Based on the spectrum plot before and the acf plot of the residuals above, we find the period of 3 hours is reasonble. Other period candidates are roughly the harmonic of period of 3 hours, which means it is the base of periods of 6, 12, and 24 hours. For simplicity, we fix ARIMA part as ARIMA(1,0,1) first and then study the seasonality part.

\[\Phi(B^3)\phi(B)(Y_n - \mu - \beta_1 \times TEMP - \beta_2 \times RAIN - \beta_3 \times WSPM) = \Psi(B^3)\psi(B)\epsilon_n\] Where \[\phi(x) = 1-\phi_1 x\] \[\psi(x) = 1+\psi_1 x\] \[\Phi(x) = 1-\Phi_1 x - \cdots -\Phi_p x^p\] \[\Psi(x) = 1+\Psi_1 x + \cdots +\Psi_q x^q\] \(B\) is the backshift operator, \(\{\epsilon_n\}\) is an independent Gaussian white noise process.

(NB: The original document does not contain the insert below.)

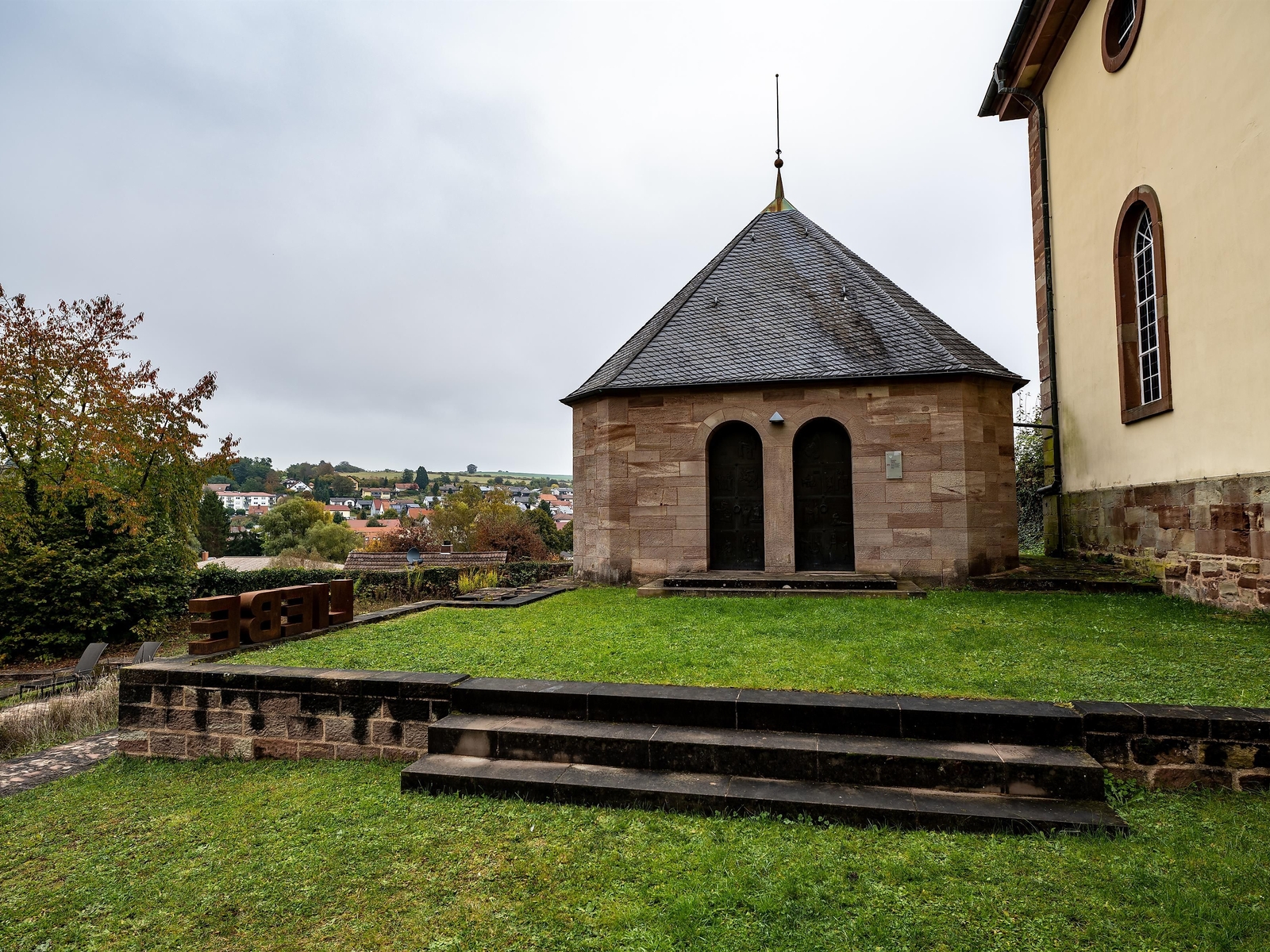 Back to Pirminius: The remains of the saint, who died in Hornbach in 753, were taken to Innsbruck in 1556, where they rest in a silver shrine within the altar niche of the Jesuit church. In Austria, he is still venerated as a folk saint today. In Hornbach, a chapel was built in 1957 as a memorial site for Pirminius. In it, his empty grave can be visited. Right next to it stands today’s Protestant monastery church.
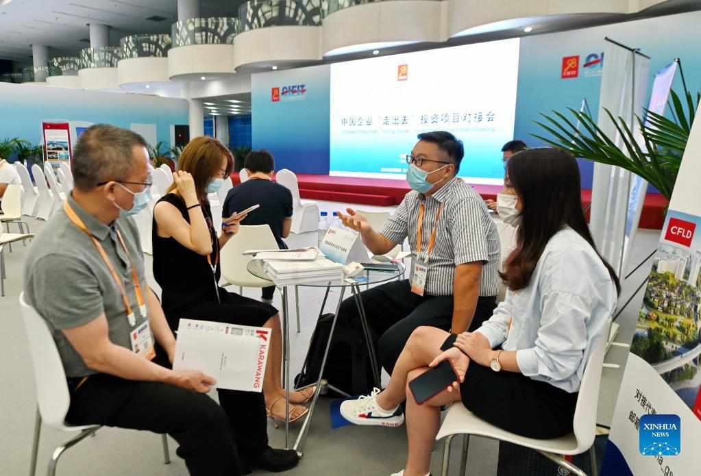 Attendees communicate during the 21st China International Fair for Investment and Trade (CIFIT) in Xiamen, southeast China's Fujian Province, Sept. 8, 2021. The 21st CIFIT launched on Wednesday in Xiamen City. Covering more than 100,000 square meters and with strict anti-epidemic measures in place, the four-day event will attract more than 50,000 business people and over 5,000 companies from nearly 100 countries and regions both online and offline. (Xinhua/Lin Shanchuan)

After then, we create AIC table with respect to seasonality part. we find model SARIMA\((1,0,1)\times(2,0,2)_3\) with the lowest AIC.

SMA0 SMA1 SMA2 SMA3 SMA4
SAR0 481.5911 483.1921 484.5738 485.1345 484.6664
SAR1 483.2210 485.0843 486.2798 485.4085 483.9058
SAR2 484.3961 486.0549 479.4858 487.3742 485.9078
SAR3 484.9277 480.9422 482.3747 483.7473 481.7220
SAR4 484.7496 484.7003 486.5044 481.5281 483.4694

From the sample ACF plot below, we notice that autocorrelations are much smaller than those in above two ACF plots but there is still a non-negligible autocorrelation at a lag of about 11 and heavy tailes still exist.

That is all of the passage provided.